Exactly as written, copy the lines of the data below from the first through the one containing "通过专业的法律咨询解读、、、".

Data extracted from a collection
───
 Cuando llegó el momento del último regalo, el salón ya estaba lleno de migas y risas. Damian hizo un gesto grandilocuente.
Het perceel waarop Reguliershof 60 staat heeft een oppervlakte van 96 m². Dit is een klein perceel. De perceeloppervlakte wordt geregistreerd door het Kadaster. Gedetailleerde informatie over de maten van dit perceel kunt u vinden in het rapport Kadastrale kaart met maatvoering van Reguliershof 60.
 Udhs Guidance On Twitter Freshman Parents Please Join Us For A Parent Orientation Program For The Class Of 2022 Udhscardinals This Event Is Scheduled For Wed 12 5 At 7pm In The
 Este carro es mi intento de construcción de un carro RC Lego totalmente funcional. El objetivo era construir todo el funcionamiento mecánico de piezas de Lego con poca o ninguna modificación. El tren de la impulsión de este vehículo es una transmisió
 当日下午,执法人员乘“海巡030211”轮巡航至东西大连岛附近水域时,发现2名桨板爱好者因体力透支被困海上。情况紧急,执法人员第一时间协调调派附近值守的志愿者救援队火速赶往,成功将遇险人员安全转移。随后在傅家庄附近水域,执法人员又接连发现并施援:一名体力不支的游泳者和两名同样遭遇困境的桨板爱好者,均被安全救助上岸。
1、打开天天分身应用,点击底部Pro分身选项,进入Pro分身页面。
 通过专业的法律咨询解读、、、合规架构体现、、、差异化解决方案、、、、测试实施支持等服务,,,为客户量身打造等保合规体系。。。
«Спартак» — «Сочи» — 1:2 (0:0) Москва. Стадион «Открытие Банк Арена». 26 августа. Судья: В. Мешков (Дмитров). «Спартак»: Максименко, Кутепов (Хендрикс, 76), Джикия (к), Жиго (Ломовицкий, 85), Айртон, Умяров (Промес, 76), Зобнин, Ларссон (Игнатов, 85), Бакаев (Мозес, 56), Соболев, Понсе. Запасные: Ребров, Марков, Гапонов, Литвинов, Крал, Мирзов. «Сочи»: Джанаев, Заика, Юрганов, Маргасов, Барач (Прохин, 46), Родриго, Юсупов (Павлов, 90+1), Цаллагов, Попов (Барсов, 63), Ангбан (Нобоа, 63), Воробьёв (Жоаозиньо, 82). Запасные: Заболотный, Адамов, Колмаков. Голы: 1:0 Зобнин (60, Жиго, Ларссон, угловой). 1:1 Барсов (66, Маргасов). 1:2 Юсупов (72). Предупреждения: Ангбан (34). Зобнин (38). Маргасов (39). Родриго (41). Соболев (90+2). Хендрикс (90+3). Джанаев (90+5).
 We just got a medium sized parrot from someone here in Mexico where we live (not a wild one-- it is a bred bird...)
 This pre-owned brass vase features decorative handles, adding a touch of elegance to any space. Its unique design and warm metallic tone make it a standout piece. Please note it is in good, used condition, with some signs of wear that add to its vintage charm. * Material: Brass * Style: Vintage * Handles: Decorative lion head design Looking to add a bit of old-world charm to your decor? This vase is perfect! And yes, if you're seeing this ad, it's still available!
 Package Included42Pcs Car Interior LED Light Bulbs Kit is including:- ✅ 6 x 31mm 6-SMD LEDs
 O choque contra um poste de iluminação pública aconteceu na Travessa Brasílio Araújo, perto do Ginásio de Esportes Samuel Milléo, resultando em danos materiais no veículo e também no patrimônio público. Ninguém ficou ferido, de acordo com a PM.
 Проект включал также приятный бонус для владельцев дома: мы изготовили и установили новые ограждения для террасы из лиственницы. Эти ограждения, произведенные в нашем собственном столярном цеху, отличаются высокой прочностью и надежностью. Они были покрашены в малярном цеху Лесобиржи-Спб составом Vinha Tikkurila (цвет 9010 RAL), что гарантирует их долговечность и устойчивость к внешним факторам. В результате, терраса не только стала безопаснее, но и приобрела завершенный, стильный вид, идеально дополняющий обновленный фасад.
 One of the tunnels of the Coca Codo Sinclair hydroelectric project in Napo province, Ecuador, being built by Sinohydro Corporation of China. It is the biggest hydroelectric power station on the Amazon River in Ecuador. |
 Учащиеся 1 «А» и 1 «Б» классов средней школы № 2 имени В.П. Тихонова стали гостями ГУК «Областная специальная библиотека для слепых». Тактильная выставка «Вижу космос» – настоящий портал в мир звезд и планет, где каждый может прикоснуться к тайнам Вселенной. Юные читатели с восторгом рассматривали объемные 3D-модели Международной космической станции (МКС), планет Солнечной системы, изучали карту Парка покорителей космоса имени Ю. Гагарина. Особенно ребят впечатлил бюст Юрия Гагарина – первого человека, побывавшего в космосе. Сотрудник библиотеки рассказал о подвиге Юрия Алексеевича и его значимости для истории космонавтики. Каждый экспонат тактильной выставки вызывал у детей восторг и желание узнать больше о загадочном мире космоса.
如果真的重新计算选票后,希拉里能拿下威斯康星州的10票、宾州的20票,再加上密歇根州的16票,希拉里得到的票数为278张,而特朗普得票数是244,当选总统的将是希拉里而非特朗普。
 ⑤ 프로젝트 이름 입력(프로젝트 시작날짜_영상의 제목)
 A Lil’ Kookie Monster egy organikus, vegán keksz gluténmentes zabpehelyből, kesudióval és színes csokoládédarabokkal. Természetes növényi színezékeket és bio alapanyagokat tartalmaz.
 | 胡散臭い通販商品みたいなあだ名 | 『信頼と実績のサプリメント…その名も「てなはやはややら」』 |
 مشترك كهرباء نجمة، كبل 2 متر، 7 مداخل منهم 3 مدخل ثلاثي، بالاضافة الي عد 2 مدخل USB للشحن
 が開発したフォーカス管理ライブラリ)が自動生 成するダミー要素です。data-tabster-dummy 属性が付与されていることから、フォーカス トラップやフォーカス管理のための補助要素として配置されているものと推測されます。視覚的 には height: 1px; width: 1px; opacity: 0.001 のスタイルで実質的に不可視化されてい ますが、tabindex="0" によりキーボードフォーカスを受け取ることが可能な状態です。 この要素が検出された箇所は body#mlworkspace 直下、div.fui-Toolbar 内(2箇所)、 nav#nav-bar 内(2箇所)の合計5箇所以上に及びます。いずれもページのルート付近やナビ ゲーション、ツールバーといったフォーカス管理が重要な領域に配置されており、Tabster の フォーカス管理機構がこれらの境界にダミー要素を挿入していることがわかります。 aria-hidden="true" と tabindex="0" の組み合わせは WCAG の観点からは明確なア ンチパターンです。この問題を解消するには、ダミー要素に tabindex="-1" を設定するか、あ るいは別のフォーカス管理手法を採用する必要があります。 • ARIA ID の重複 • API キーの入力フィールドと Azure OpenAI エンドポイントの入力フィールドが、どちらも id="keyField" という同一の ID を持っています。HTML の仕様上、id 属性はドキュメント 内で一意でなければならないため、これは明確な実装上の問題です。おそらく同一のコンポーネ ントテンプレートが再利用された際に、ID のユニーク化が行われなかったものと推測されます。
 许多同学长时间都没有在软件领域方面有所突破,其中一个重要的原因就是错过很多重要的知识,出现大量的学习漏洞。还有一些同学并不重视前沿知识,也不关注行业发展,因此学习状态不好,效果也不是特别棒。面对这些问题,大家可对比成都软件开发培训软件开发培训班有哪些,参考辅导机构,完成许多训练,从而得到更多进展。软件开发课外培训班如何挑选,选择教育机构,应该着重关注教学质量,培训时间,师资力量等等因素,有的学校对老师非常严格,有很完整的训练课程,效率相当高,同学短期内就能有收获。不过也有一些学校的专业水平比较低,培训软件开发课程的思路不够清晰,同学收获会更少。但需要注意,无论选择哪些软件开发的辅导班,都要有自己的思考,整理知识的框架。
───
SOLUTION TO THIS EXERCISE:
 Cuando llegó el momento del último regalo, el salón ya estaba lleno de migas y risas. Damian hizo un gesto grandilocuente.
Het perceel waarop Reguliershof 60 staat heeft een oppervlakte van 96 m². Dit is een klein perceel. De perceeloppervlakte wordt geregistreerd door het Kadaster. Gedetailleerde informatie over de maten van dit perceel kunt u vinden in het rapport Kadastrale kaart met maatvoering van Reguliershof 60.
 Udhs Guidance On Twitter Freshman Parents Please Join Us For A Parent Orientation Program For The Class Of 2022 Udhscardinals This Event Is Scheduled For Wed 12 5 At 7pm In The
 Este carro es mi intento de construcción de un carro RC Lego totalmente funcional. El objetivo era construir todo el funcionamiento mecánico de piezas de Lego con poca o ninguna modificación. El tren de la impulsión de este vehículo es una transmisió
 当日下午,执法人员乘“海巡030211”轮巡航至东西大连岛附近水域时,发现2名桨板爱好者因体力透支被困海上。情况紧急,执法人员第一时间协调调派附近值守的志愿者救援队火速赶往,成功将遇险人员安全转移。随后在傅家庄附近水域,执法人员又接连发现并施援:一名体力不支的游泳者和两名同样遭遇困境的桨板爱好者,均被安全救助上岸。
1、打开天天分身应用,点击底部Pro分身选项,进入Pro分身页面。
 通过专业的法律咨询解读、、、合规架构体现、、、差异化解决方案、、、、测试实施支持等服务,,,为客户量身打造等保合规体系。。。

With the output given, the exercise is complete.